Task :: All lines below between the line with "2025年10月26日に世界館にて開催されるWARDOG CAGE FIGHT" and the line with "Ce travail met", including both, must be copied exactly, and the pictures must be omitted.

The data ::
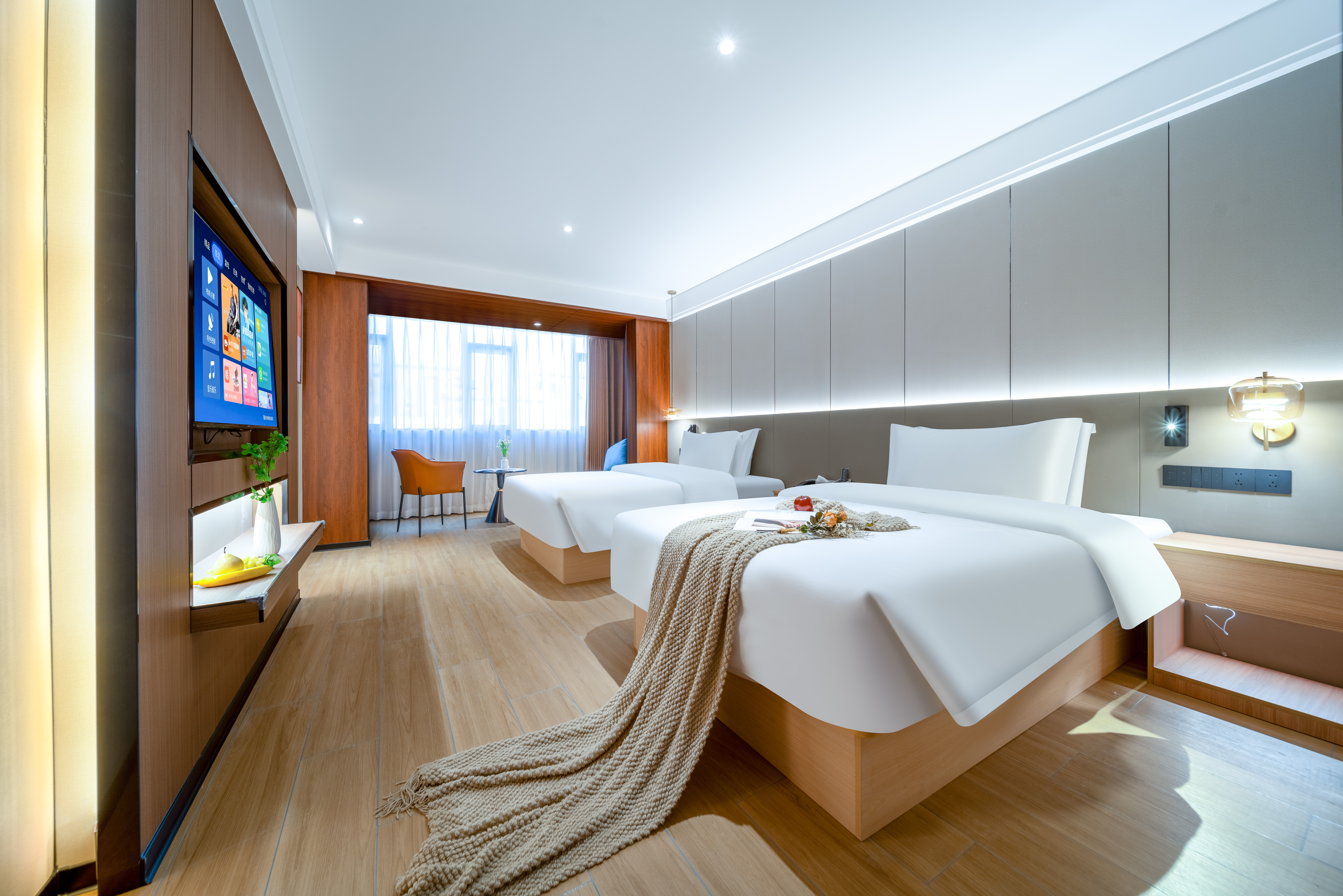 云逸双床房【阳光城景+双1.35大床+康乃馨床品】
* * *
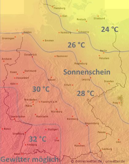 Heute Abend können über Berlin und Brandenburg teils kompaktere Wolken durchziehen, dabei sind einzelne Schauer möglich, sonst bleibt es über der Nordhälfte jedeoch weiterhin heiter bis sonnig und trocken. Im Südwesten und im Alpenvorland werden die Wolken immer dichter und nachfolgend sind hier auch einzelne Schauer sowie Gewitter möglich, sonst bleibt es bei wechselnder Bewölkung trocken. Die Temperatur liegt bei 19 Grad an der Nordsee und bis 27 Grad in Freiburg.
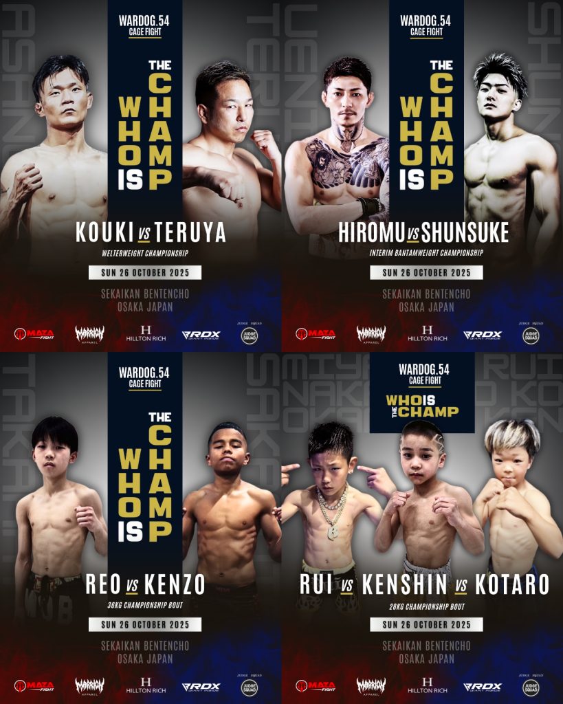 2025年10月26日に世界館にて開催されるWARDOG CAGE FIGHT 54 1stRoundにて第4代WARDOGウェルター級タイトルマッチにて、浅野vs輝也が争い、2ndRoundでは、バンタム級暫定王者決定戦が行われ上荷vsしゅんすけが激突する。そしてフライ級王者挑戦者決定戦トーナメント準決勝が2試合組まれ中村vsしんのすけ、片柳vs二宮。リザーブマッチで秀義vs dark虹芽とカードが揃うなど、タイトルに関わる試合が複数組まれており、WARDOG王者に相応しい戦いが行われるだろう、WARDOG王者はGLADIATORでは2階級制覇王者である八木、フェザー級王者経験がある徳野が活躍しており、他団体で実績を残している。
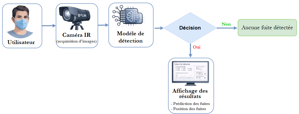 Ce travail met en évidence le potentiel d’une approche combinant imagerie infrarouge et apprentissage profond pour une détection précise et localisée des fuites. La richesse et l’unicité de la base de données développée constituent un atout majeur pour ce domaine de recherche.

Answer to this task ::
 2025年10月26日に世界館にて開催されるWARDOG CAGE FIGHT 54 1stRoundにて第4代WARDOGウェルター級タイトルマッチにて、浅野vs輝也が争い、2ndRoundでは、バンタム級暫定王者決定戦が行われ上荷vsしゅんすけが激突する。そしてフライ級王者挑戦者決定戦トーナメント準決勝が2試合組まれ中村vsしんのすけ、片柳vs二宮。リザーブマッチで秀義vs dark虹芽とカードが揃うなど、タイトルに関わる試合が複数組まれており、WARDOG王者に相応しい戦いが行われるだろう、WARDOG王者はGLADIATORでは2階級制覇王者である八木、フェザー級王者経験がある徳野が活躍しており、他団体で実績を残している。
 Ce travail met en évidence le potentiel d’une approche combinant imagerie infrarouge et apprentissage profond pour une détection précise et localisée des fuites. La richesse et l’unicité de la base de données développée constituent un atout majeur pour ce domaine de recherche.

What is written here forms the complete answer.